CYBERPUNK: Book 1 “… Bad Dreams” | By: Scott Rockwell | Setting Date: Near Future
Published: 1989-1990 | Type: Graphic Novel | Issues: 2
Themes: Cybernetics, Virtual Reality, Hacking
Summary: Heavily inspired by Neuromancer, this comic is somewhat notable for its graphic depictions of user’s interfacing on the internet. Here, Gibson’s “matrix” is called “The Playing Field”. The visual style blends Sid Meier’s aesthetic with 1980s computer graphics; however it is not a well-illustrated work compared to other titles in this list. The plot has a relatively stronger romantic narrative than other comic titles in the genre as well. The protagonist is a hacker named Topo, and while the narrative starts out promisingly with an immersive, gritty near-future megalopolis setting, a majority of the two issues are rather shallow action scenes that take place in The Playing Field. Fans of Neuromancer will appreciate the early exploration of virtual landscapes, and in doing so perhaps reveals the impracticality of Gibson’s early ideas of virtual reality networks by showing how inefficient they are compared to how technology actually evolved. Though not groundbreaking, with a very predicative, short plot, it is solidly within the genre’s core themes. The clothing designs ands styles on the characters are sometimes interesting if not aesthetic.

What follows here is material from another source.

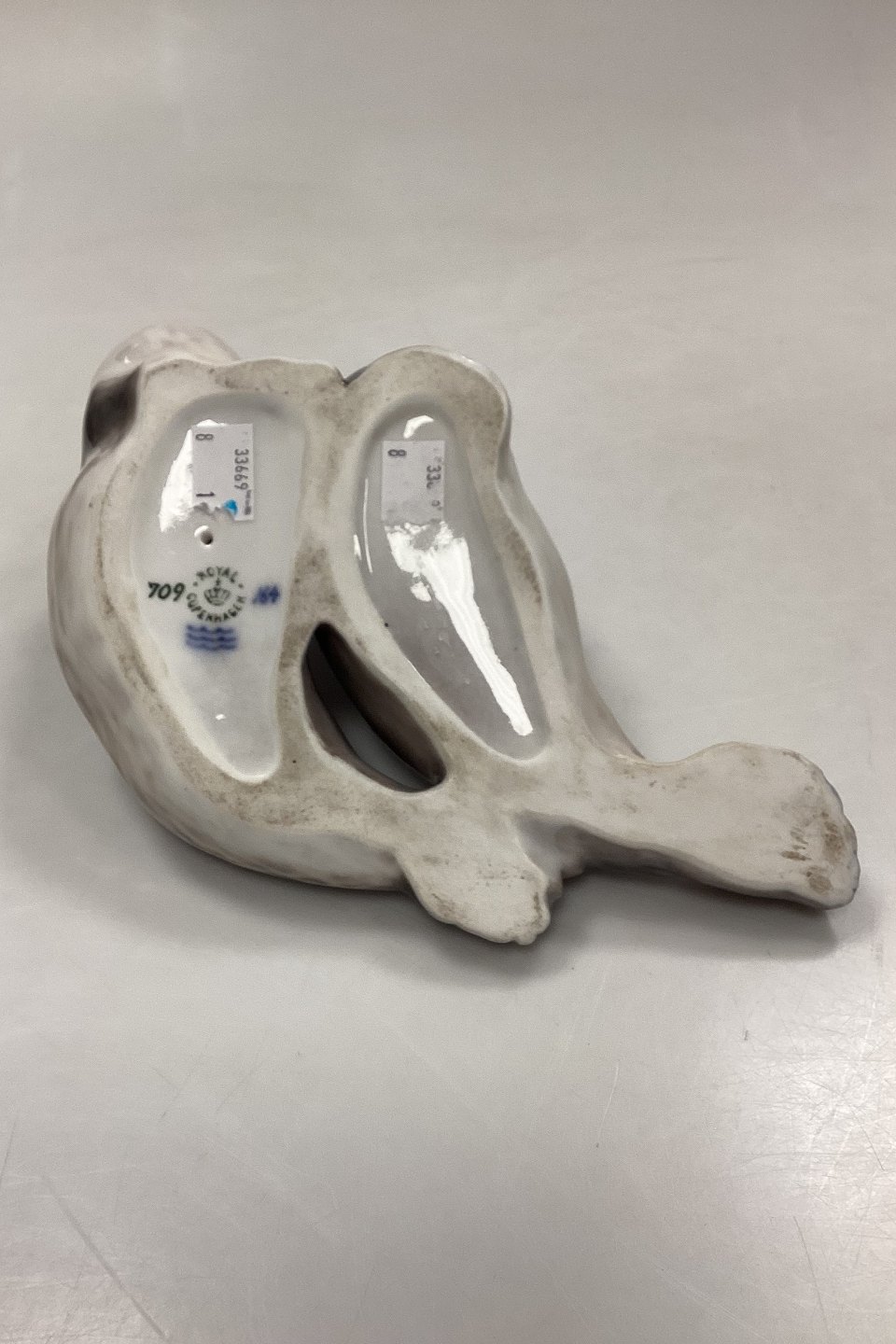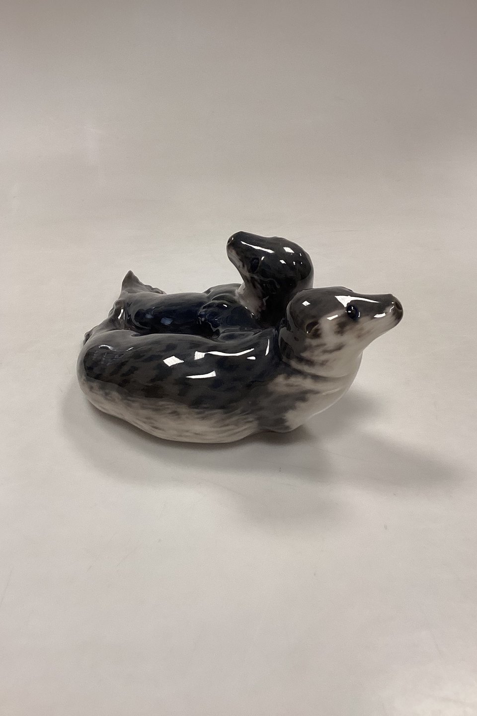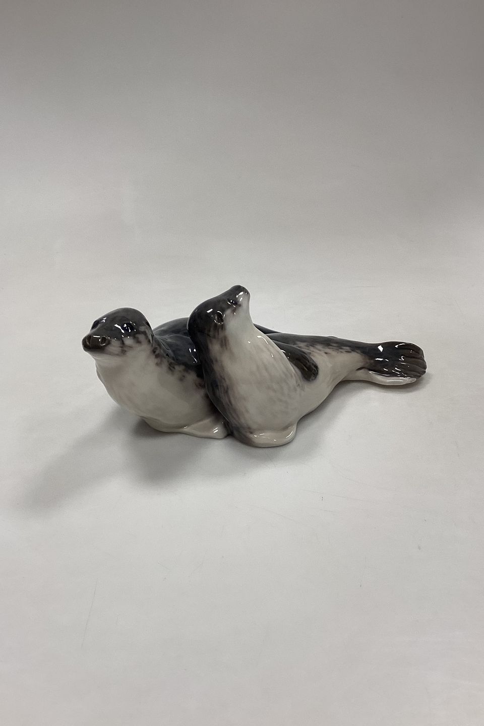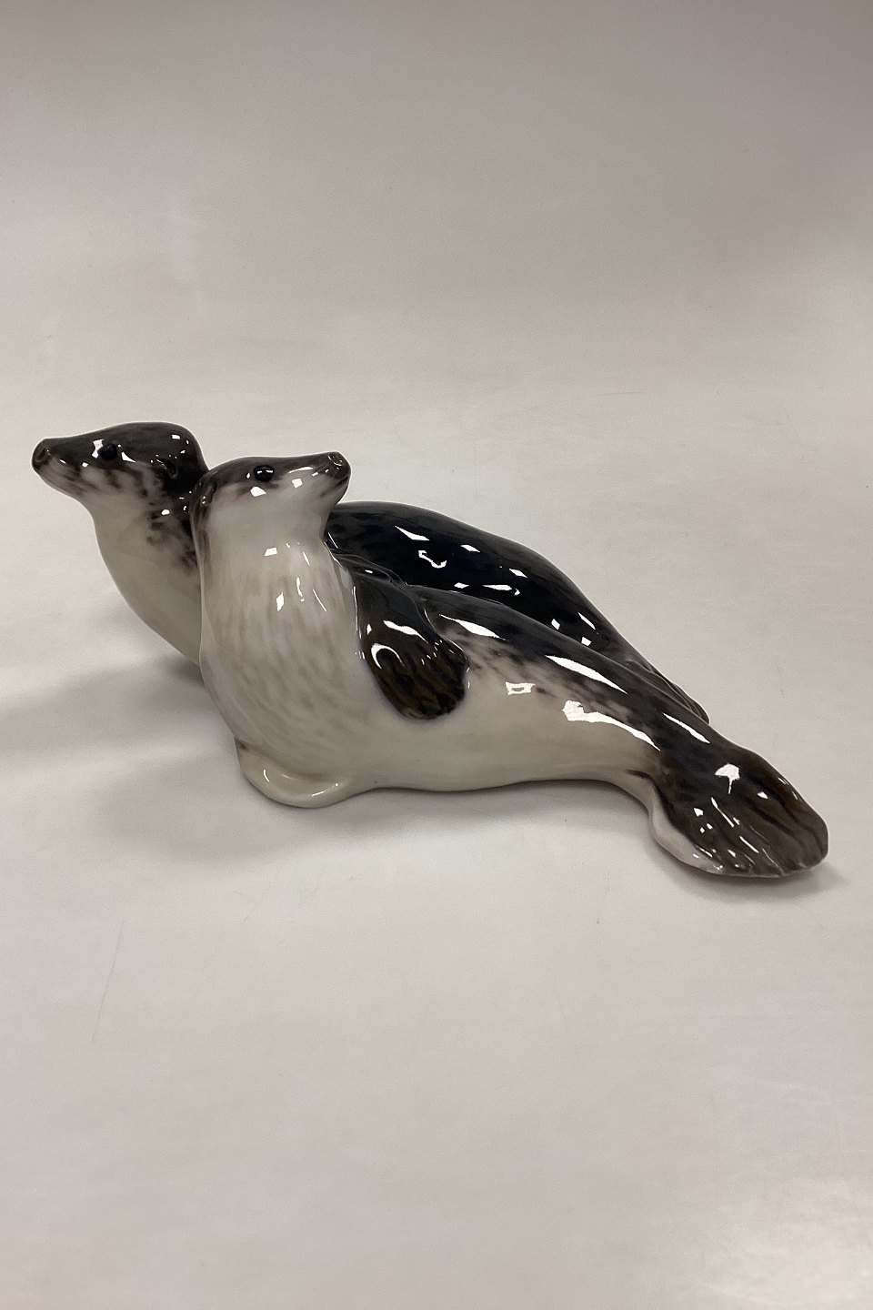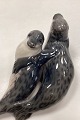 Beskrivelse: Royal Copenhagen Figur af Sæler No. 709. Designet af Erik Nielsen i 1906. Afslibninger af glasuren på den ene sæl, se foto. Sjælden figur i 2. Sortering.

CYBERPUNK: Book 2 “Solace” | By: Scott Rockwell | Setting Date: Near Future
Published: 1990 | Type: Graphic Novel | Issues: 2
Themes: Virtual Reality, Corporatism, Cybercrime, Surveillance
Summary: In Innovation Publishing’s Cyberpunk: Book 2, the same three main characters’ narrative is extended three years in the future. Topo the hacker is now missing, permanently plugged into The Playing Field searching for the limits of the virtual world. His ex-lover seeks him out with the help of a gang of data thieves. This second book from Scott Rockwell is significantly better than the first. While it does feature many scenes within The Playing Field, they are depicted in a more emotional, dream-like aesthetic than the campy computer graphics that tried a literal interpretation of Gibson’s matrix interface. The artwork of Doug Talalla is of higher quality overall, and more creatively executed versus Book 1, which was illustrated by Darryl Banks. The romance subplot extends here, but in a rather unique way; interestingly bringing up unique ethical issues you wouldn’t expect from a comic, and which predate more well-known cyberpunk texts like Ghost in the Shell (1991).

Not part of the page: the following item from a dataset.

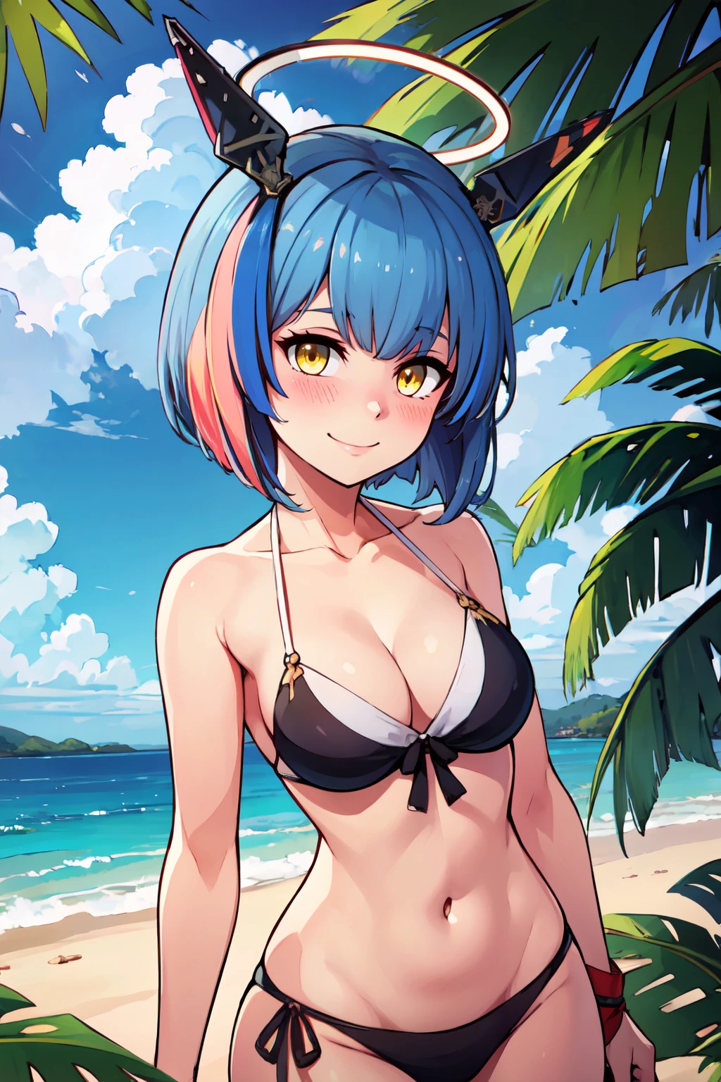 zzGascogne, blue hair, short hair, yellow eyes, headgear, bangs, multicolored hair, streaked hair, mechanical halo,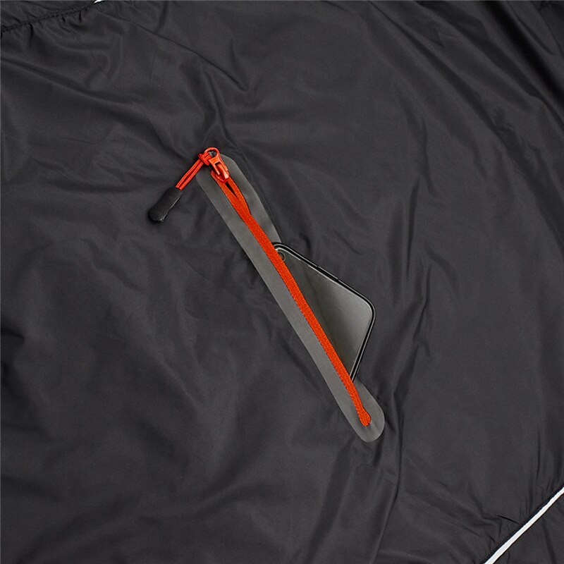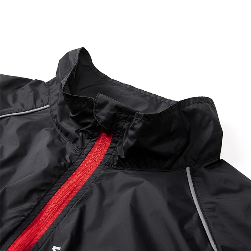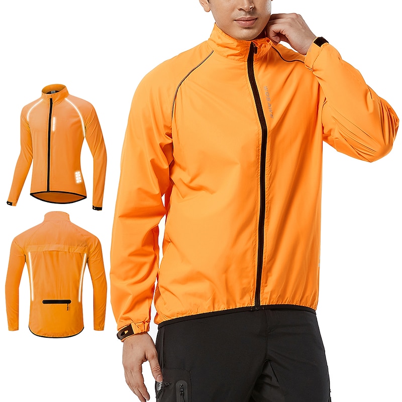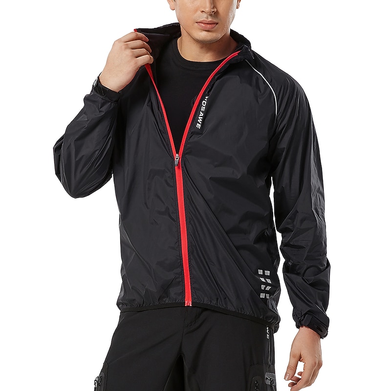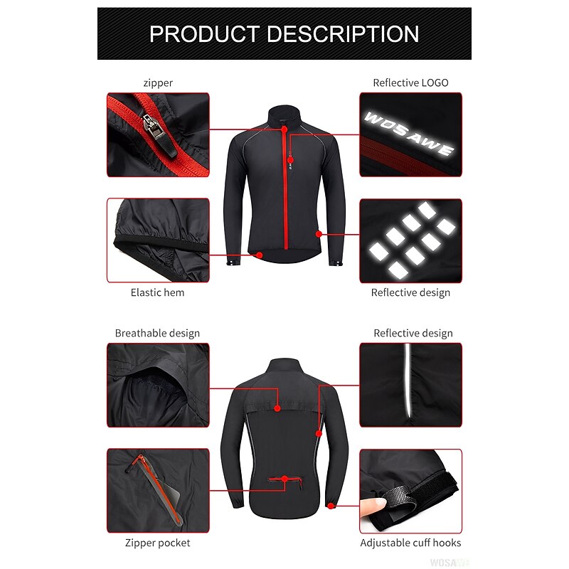Highlights 1. Stay comfortable and dry during your outdoor workouts with this breathable and drizzle resistant long sleeve jacket, made of high quality soft polyester with a breathing grid on the back for reduced driving resistance and protection from splashes and light rain. 2. Stay safe during night runs or rides with the high visibility design of this athletic jacket, featuring reflective elements for maximum visibility. 3. Carry your necessities securely with the large zippered pocket on the back that can also be folded into a portable bag. 4. The adjustable cuffs and elastic band of this windproof jacket ensure tightness and protection from wind, preventing it from riding up while riding or running. 5. Whether worn over a winter coat or as a coat in spring, summer, and fall, this lightweight and versatile windbreaker is perfect for long and short night rides, cycling, and other outdoor activities. 6. Ideal for both mountain bike MTB and road bike cycling, this men's jacket is waterproof, quick-drying, and windproof, making it a must-have for any sports enthusiast.

Gunnm (Battle Angel Alita) | By: Yukito Kishiro | Setting Date: 26th Century
Published: 1990-1995 | Type: Manga | Issues:
Themes: Post-Apocalyptic, Robotics, Cybernetics, Artificial Intelligence
Summary: A young female android, Alita, is found in a junkyard and resurrected by a cyborg physician. She finds out she is a combat cyborg and follows the doctor in his footsteps as a clandestine bounty hunter, and eventually pursues a quest to uncover more about her past. The divide between rich and poor has led to a segregation between the masses living on Earth and the elite living in a floating city. The manga takes place in the USA though being hundreds of years in the future all cities and places have been changed significantly. While post-apocalyptic in narrative, there are numerous cyberpunk tropes in the series and it has excellent art direction in general and numerous cyborg designs.
Note: A sequel to Gunm called “Battle Angel Alita: Last Order” was created by Kishiro as he was unhappy with the ending of the manga and wanted to continue it. It takes Alita into space and is more of a science fiction action epic than it is a cyberpunk narrative.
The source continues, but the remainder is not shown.